Repeat the lines below exactly as they appear, but leave out the images.
╭─ DATA TO USE
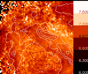 Contours mark levels of intensity in raw SXT image. Log of temperature is plotted according to color legend on right-hand margin.
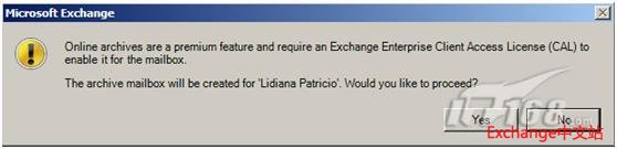 如果要在既有的邮箱创建归档邮箱的话,可以在选项中选择添加归档邮箱。会出现一个确认画面。点击YES即可创建。
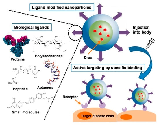 Like other types of NP, nanogels can be provided not only passive targeting ability by adjustments to their size, shape or surface property, but also active targeting by their surface modification, further improving the accumulation of drugs in disease region []. Active targeting can be achieved through the interaction of ligands and specific cellular or subcellular receptors. Moreover, the biological ligands such as small molecules, proteins, peptides, polysaccharides were employed for the surface modification of NPs (Figure 5) [].
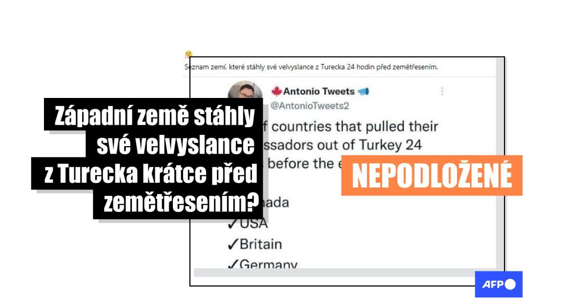 „Seznam zemí, které 24 hodin před zemětřesením stáhly své velvyslance z Turecka. Asi jsou jasnovidci,“ stojí například v tomto příspěvku z 16. února 2023. Příspěvek obsahuje screenshot tweetu v angličtině, podle kterého západní země jako Kanada, Spojené státy, Velká Británie, Německo, Belgie, Itálie, Nizozemsko a Francie stáhly své velvyslance z Turecka těsně před zemětřesením o síle 7,8 stupně Richterovy škály, jež 6. února zasáhlo jihovýchod Turecka a sousední Sýrii a zabilo více než 50 000 lidí. Toto a podobná tvrzení sdílely na Facebooku stovky českých uživatelů.
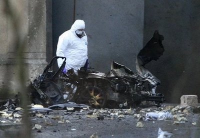 2月23日,英國北愛爾蘭警方在爆炸地點進行檢查
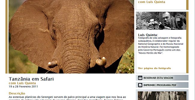 As extensas planícies do Serengeti servem de palco principal a uma viagem que nos leva ao encontro da mítica vida selvagem da savana africana. Grandes mamíferos, ferozes felinos, antílopes e aves de rapina interagem entre si como se de um bailado se tratasse. Embarque nesta viagem e fotografe da primeira fila este espectáculo natural. Percorremos a savana durante a grande migração, em que manadas intermináveis de gnus, zebras e gazelas se movimentam em busca dos melhores pastos. A bordo de robustos e confortáveis jipes de safari vamos percorrer, não só o PN Serengeti, como o interior da cratera de Ngorongoro. À noite, descontraia no conforto dos lodges, bem perto da vida selvagem. Regresse a casa com as suas fotos de leões em caçada, elefantes, rinocerontes, chitas…
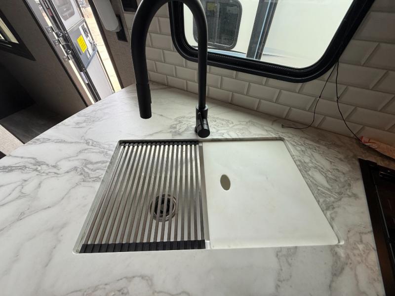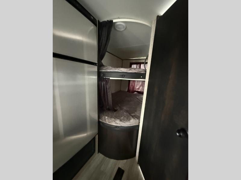 Calling larger camping groups, this trailer is waiting for your adventures! With sleeping space for eight, everyone can join you. The double size bunks offer sleeping for four, plus there is a curtain to close for privacy. The full bathroom will keep everyone clean, and the full kitchen amenities will keep everyone fed. There is an outside kitchen to use when you want to enjoy the outdoors while cooking. You will find exterior storage and a 16' power awning with LED lights that offers a covered outdoor living area when you add your camping chairs. And the front bedroom offers dual entry and wardrobes plus a queen bed, and the U-shaped dinette slide gives you extra floor space, a dining area, and sleeping space for two.
╰─
__RESPONSE FOR THIS EXERCISE__
 Contours mark levels of intensity in raw SXT image. Log of temperature is plotted according to color legend on right-hand margin.
 如果要在既有的邮箱创建归档邮箱的话,可以在选项中选择添加归档邮箱。会出现一个确认画面。点击YES即可创建。
 Like other types of NP, nanogels can be provided not only passive targeting ability by adjustments to their size, shape or surface property, but also active targeting by their surface modification, further improving the accumulation of drugs in disease region []. Active targeting can be achieved through the interaction of ligands and specific cellular or subcellular receptors. Moreover, the biological ligands such as small molecules, proteins, peptides, polysaccharides were employed for the surface modification of NPs (Figure 5) [].
 „Seznam zemí, které 24 hodin před zemětřesením stáhly své velvyslance z Turecka. Asi jsou jasnovidci,“ stojí například v tomto příspěvku z 16. února 2023. Příspěvek obsahuje screenshot tweetu v angličtině, podle kterého západní země jako Kanada, Spojené státy, Velká Británie, Německo, Belgie, Itálie, Nizozemsko a Francie stáhly své velvyslance z Turecka těsně před zemětřesením o síle 7,8 stupně Richterovy škály, jež 6. února zasáhlo jihovýchod Turecka a sousední Sýrii a zabilo více než 50 000 lidí. Toto a podobná tvrzení sdílely na Facebooku stovky českých uživatelů.
 2月23日,英國北愛爾蘭警方在爆炸地點進行檢查
 As extensas planícies do Serengeti servem de palco principal a uma viagem que nos leva ao encontro da mítica vida selvagem da savana africana. Grandes mamíferos, ferozes felinos, antílopes e aves de rapina interagem entre si como se de um bailado se tratasse. Embarque nesta viagem e fotografe da primeira fila este espectáculo natural. Percorremos a savana durante a grande migração, em que manadas intermináveis de gnus, zebras e gazelas se movimentam em busca dos melhores pastos. A bordo de robustos e confortáveis jipes de safari vamos percorrer, não só o PN Serengeti, como o interior da cratera de Ngorongoro. À noite, descontraia no conforto dos lodges, bem perto da vida selvagem. Regresse a casa com as suas fotos de leões em caçada, elefantes, rinocerontes, chitas…
 Calling larger camping groups, this trailer is waiting for your adventures! With sleeping space for eight, everyone can join you. The double size bunks offer sleeping for four, plus there is a curtain to close for privacy. The full bathroom will keep everyone clean, and the full kitchen amenities will keep everyone fed. There is an outside kitchen to use when you want to enjoy the outdoors while cooking. You will find exterior storage and a 16' power awning with LED lights that offers a covered outdoor living area when you add your camping chairs. And the front bedroom offers dual entry and wardrobes plus a queen bed, and the U-shaped dinette slide gives you extra floor space, a dining area, and sleeping space for two.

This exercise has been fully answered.